- TASK DESCRIPTION -
Where an image appears, leave it out; otherwise repeat the data exactly.

- Data records -
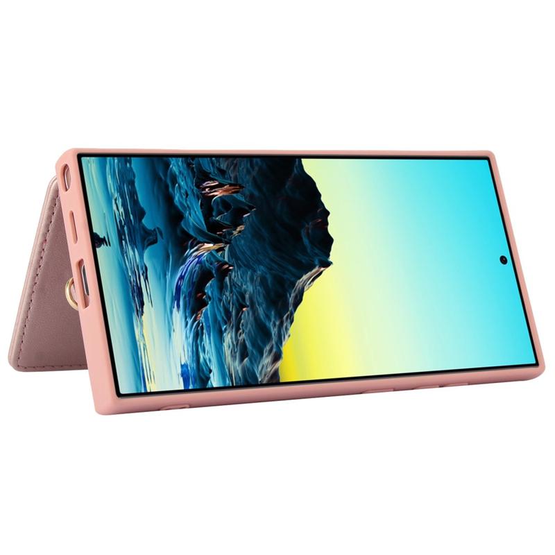 The Samsung Galaxy S24 Ultra Flower Decor Case is crafted from polyurethane and TPU materials, providing durable protection. The stylish design features flowers on the back of the case and hand strap. It includes a card slot for storing up to 4 essential cards, and the back card holder can also be used as a kickstand for multiple viewing angles. The magnetic button keeps the cards secure, while precise cutouts allow full access to all buttons and ports. Protect your phone from daily damage with this convenient case that comes with a hand strap and shoulder strap for easy carrying.
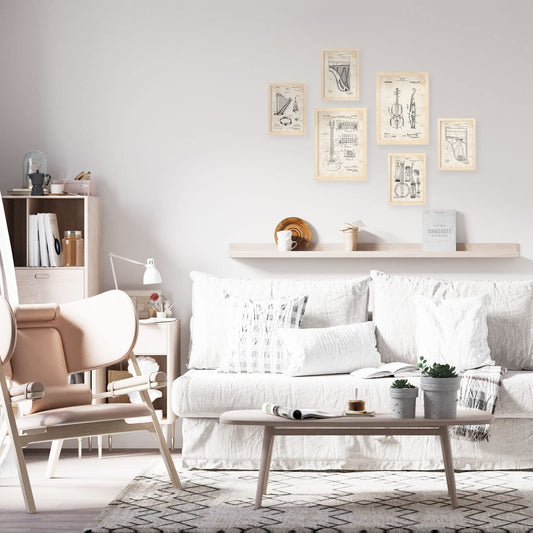 Set de 6 láminas vintage con ilustraciones de patentes de instrumentos de cuerda como guitarra, violín y arpa para estudio, salón o música – 2 grandes y 4 medianos
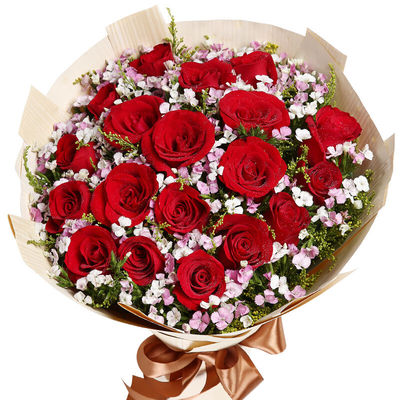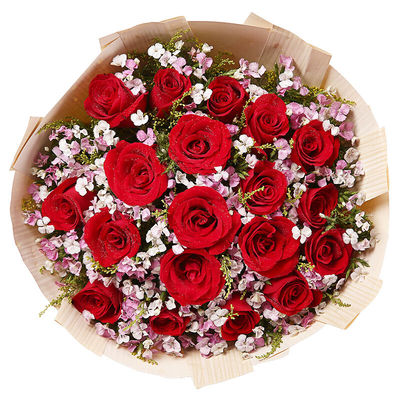 19朵红玫瑰,相思梅丰满间插,黄莺点缀
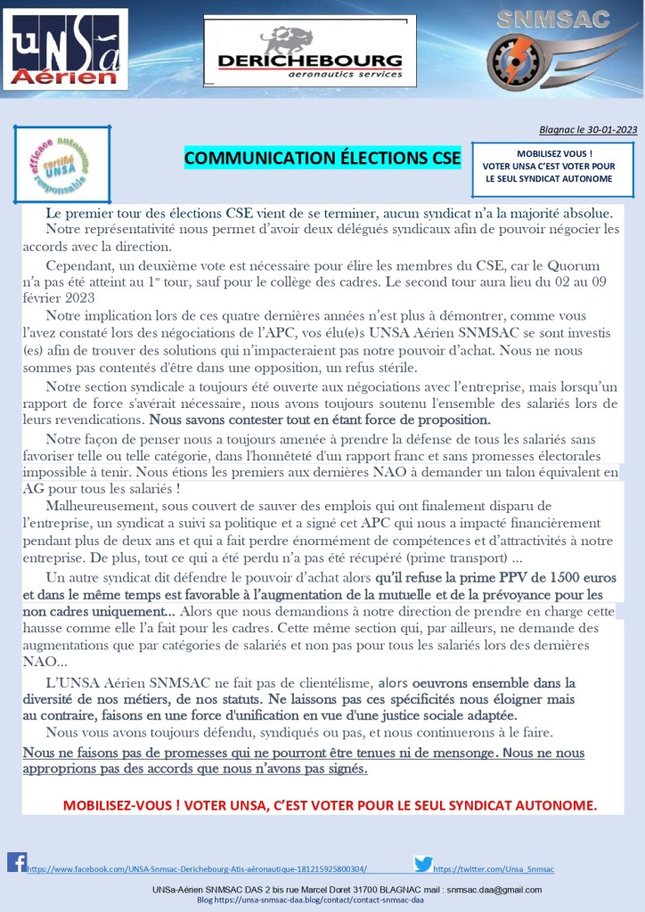 nos derniers tracts concernants le second tour des éléctions professionnelles et la dernière réunion CSE sont en ligne dans la rubrique TRACT 2023 ou en cliquant sur les liens ci-dessous:
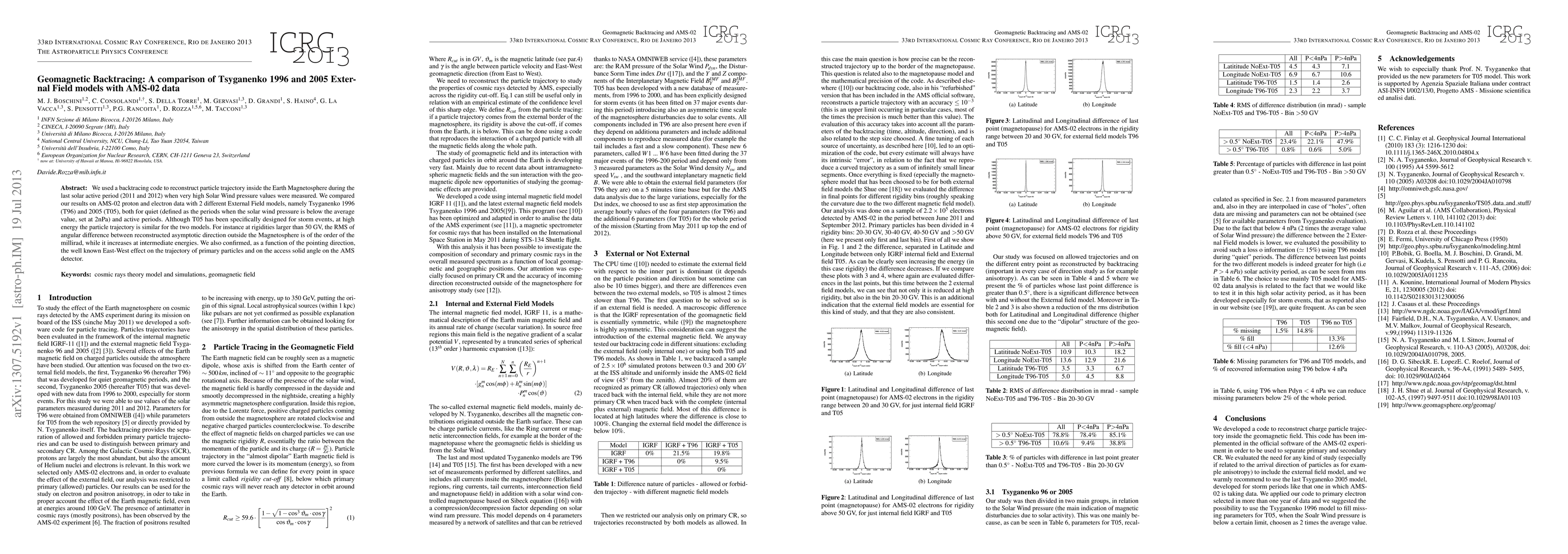 A backtracing code was developed to reconstruct particle trajectories inside the Earth's magnetosphere using AMS-02 data during the solar active period (2011-2012). The study compared Tsyganenko 1996 (T96) and 2005 (T05) external field models for both quiet and active solar periods.

- RESPONSE -
 The Samsung Galaxy S24 Ultra Flower Decor Case is crafted from polyurethane and TPU materials, providing durable protection. The stylish design features flowers on the back of the case and hand strap. It includes a card slot for storing up to 4 essential cards, and the back card holder can also be used as a kickstand for multiple viewing angles. The magnetic button keeps the cards secure, while precise cutouts allow full access to all buttons and ports. Protect your phone from daily damage with this convenient case that comes with a hand strap and shoulder strap for easy carrying.
 Set de 6 láminas vintage con ilustraciones de patentes de instrumentos de cuerda como guitarra, violín y arpa para estudio, salón o música – 2 grandes y 4 medianos
 19朵红玫瑰,相思梅丰满间插,黄莺点缀
 nos derniers tracts concernants le second tour des éléctions professionnelles et la dernière réunion CSE sont en ligne dans la rubrique TRACT 2023 ou en cliquant sur les liens ci-dessous:
 A backtracing code was developed to reconstruct particle trajectories inside the Earth's magnetosphere using AMS-02 data during the solar active period (2011-2012). The study compared Tsyganenko 1996 (T96) and 2005 (T05) external field models for both quiet and active solar periods.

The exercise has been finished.